A viseme is any of several speech sounds that look the same, for example when lip reading (Fisher 1968). Visemes and phonemes do not share a one-to-one correspondence. Often several phonemes correspond to a single viseme, as several phonemes look the same on the face when produced, such as /k, ɡ, ŋ/, (viseme: /k/), /t͡ʃ, ʃ, d͡ʒ, ʒ/ (viseme: /ch/), /t, d, n, l/ (viseme: /t/), and /p, b, m/ (viseme: /p/). Thus words such as pet, bell, and men are difficult for lip-readers to distinguish, as all look like /pet/. However, there may be differences in timing and duration during actual speech in terms of the visual 'signature' of a given gesture that can not be captured with a single photograph.

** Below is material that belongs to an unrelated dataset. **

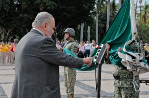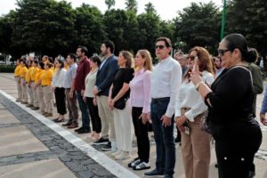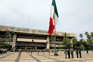 La ceremonia inició con el tradicional izamiento de bandera a toda asta en la plaza Cívica de Palacio de Gobierno, ceremonia que fue encabezada por el subsecretario de Inversión, Planeación y Finanzas, David Moreno Lizárraga, en representación del Poder Ejecutivo.
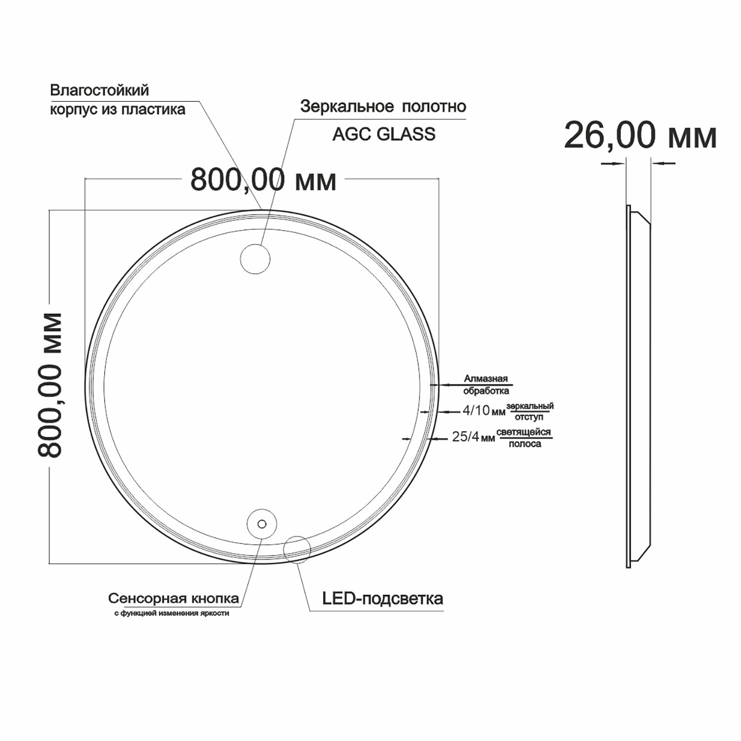 Настенное круглое зеркало для ванной Mixline с подсветкой D 80 см изготовлено из зеркального полотна толщиной 4 мм.Оснащено сенсорным выключателем и диммером, который при удержании пальца на сенсоре позволяет менять интенсивность освещения. Свет белый (холодный 5800К - 6300К). Срок службы диодов - 100 000 часов.Все электрические компоненты размещены внутри корпуса из Abs-пластика, который защищает от влаги и механических повреждений. В качестве элемента подсветки используется светодиодная лента, которая обеспечивает яркое свечение по периметру зеркала. Зеркало влагостойкое и защищено от попадания случайных брызг и капель воды.Современная светодиодная подсветка с влагозащитой IP20-IP33 обеспечивает не только эффектное освещение, но и надёжную работу в условиях повышенной влажности. Для изготовления продукции мы используем материалы высокого качества - серебряное влагостойкое зеркальное полотно от AEK (AGC Glass Russia - российская ветвь AGC Glass Europe).Комплектация: паспорт и крепеж.

Conversely, some sounds which are hard to distinguish acoustically are clearly distinguished by the face (Chen 2001). For example, acoustically speaking English /l/ and /r/ can be quite similar (especially in clusters, such as 'grass' vs. 'glass'), yet visual information can show a clear contrast. This is demonstrated by the more frequent mishearing of words on the telephone than in person. Some linguists have argued that speech is best understood as bimodal (aural and visual), and comprehension can be compromised if one of these two domains is absent (McGurk and MacDonald 1976).
Visemes can often be humorous, as in the phrase "elephant juice," which when lip-read appears identical to "I love you."
Applications for the study of visemes include speech processing, speech recognition, and computer facial animation.